三上智恵の沖縄〈辺野古・高江〉撮影日記

沖縄・普天間基地へのオスプレイ配備をめぐる抵抗運動の様子や、新たな米軍基地建設計画が進む沖縄本島北部・東村高江の住民たちの闘いを描いたドキュメンタリー映画『標的の村』を撮影した三上智恵さん。辺野古や高江の 現状を引き続き記録するべく、今も現場でカメラを回し続けています。その三上さんが、本土メディアが伝えない「今、何が沖縄で起こっているのか」をレポートしてくれる連載コラムです。毎週連載でお届けします。

第18回

文子おばあのブローチ

 辺野古の住民で、今、基地建設に反対する座り込みに欠かさず参加しているおばあの島袋文子さん(84)のことは、この連載でも度々紹介してきた。筋金入りの反戦思想は、ご自身が15歳の時に南部の戦地で火炎放射器に焼かれ、奇跡的に生還した壮絶な体験からきている。今回は文子おばあのロングインタビューをお届けしたい。

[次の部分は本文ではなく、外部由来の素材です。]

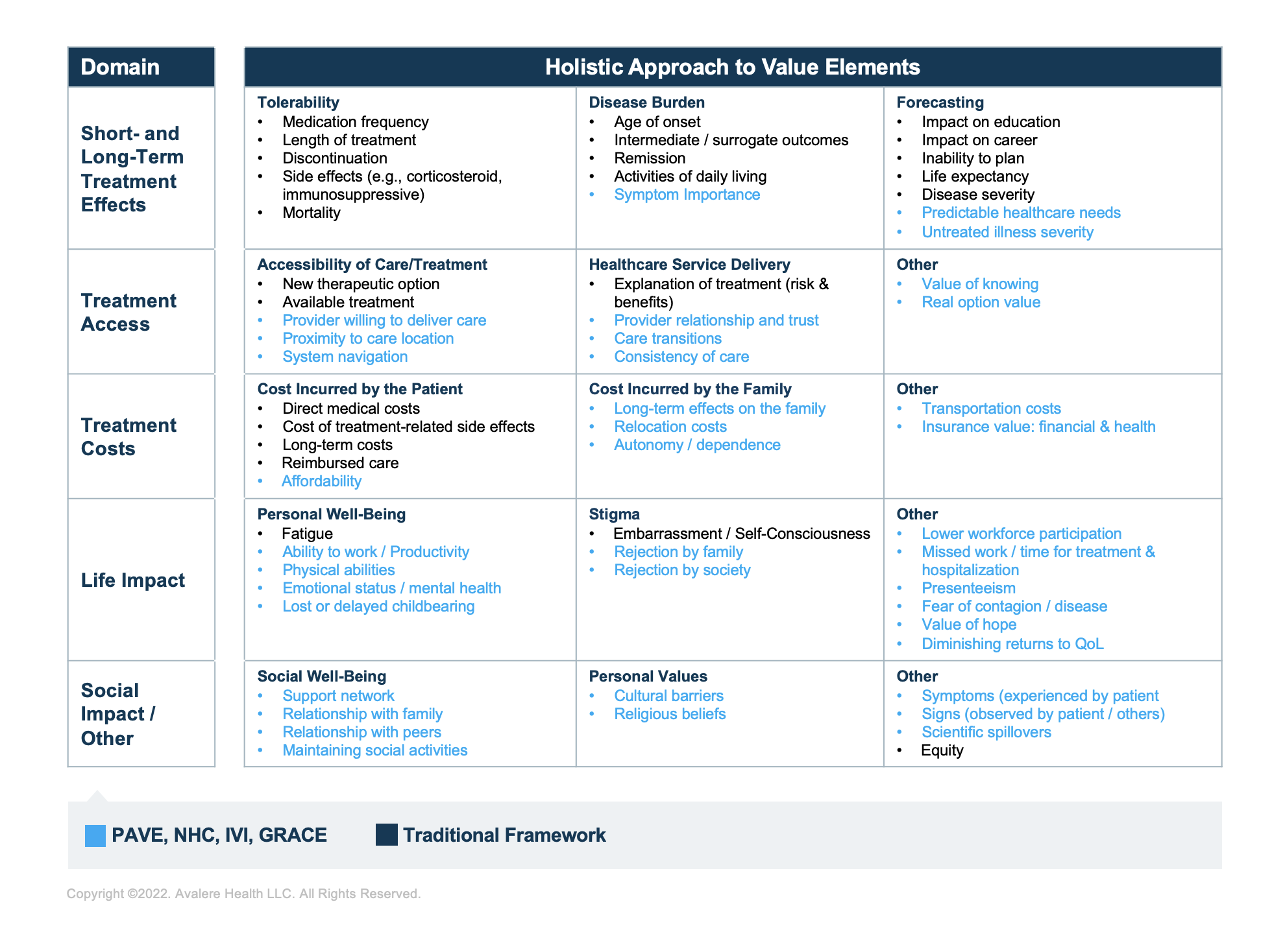 The last decade has ushered in these new conceptual frameworks, referred to as “patient-centric” frameworks in this white paper, that incorporate additional variables more directly tied to overall societal benefit and the patient’s perspective (e.g., equity, cultural barriers, societal spillovers, value of hope, fear of contagion or disease). Examples of these models include the ISPOR Value Flower, the Generalized Risk-Adjusted Cost-Effectiveness (GRACE) approach, the Patient-Driven Values in Healthcare Evaluation (PAVE) model, the Innovation and Value Initiative (IVI), and the Patient-Centered Core Impact Sets (PC-CIS).

 沖縄戦が終わっても文子さんの地獄は終わらなかった。父を亡くし、目が不自由な母と幼い弟を抱え、男手がなく掘建て小屋さえ立てられず、雨露がしのげないどころか強盗などの犯罪にも怯えながらの生活が続き、ずっと辛酸をなめてきたのだ。

  その後も生活のため、文子さんは自分を炎で焼いたアメリカ兵の「ママさん」としてメイドの職についた。世話をした将校クラスのアメリカ人は礼儀正しく優しい人が多かったが、憎しみは消えなかったと言う。割り切って仕事をしていても、少しでも沖縄の人を見下すようなことを言われた時には、綺麗に洗濯して糊付けしたシーツを全部引き剥がし、庭の水溜りにぶち込んで泥まみれにして怒ったと言う。本人に殴りかかってもかなわないからと、自分が必死に綺麗にした洗濯物を、踏みつけ怒りを表す若き文子さん。その姿を思うと泣けてくる。

 幼い頃、奉公に出されて学校に通えなかった文子さんは、長い間字が書けなかった。戦中戦後のどさくさで学校に行けず、字の読み書きが出来ないのはこの年代の方々なら当たり前のことだ。 そんな文子さんに字を教えてくれたのは、基地関係の仕事をしていた夫だった。キャンプシュワブの建設の仕事につき、二人で辺野古に移り住み、それからおよそ60年ここで暮らしている。

 「生きていて、楽しいと思ったことは何にもなかった」

 苦労ばかりの人生だったと彼女は言う。優しい夫ではあったが、子宝に恵まれなかったことと、沖縄では珍しくもない夫の女性関係などに心を痛めたこともある。よそ者、寄留民だと区別され、居場所がない気持ちになったこともある。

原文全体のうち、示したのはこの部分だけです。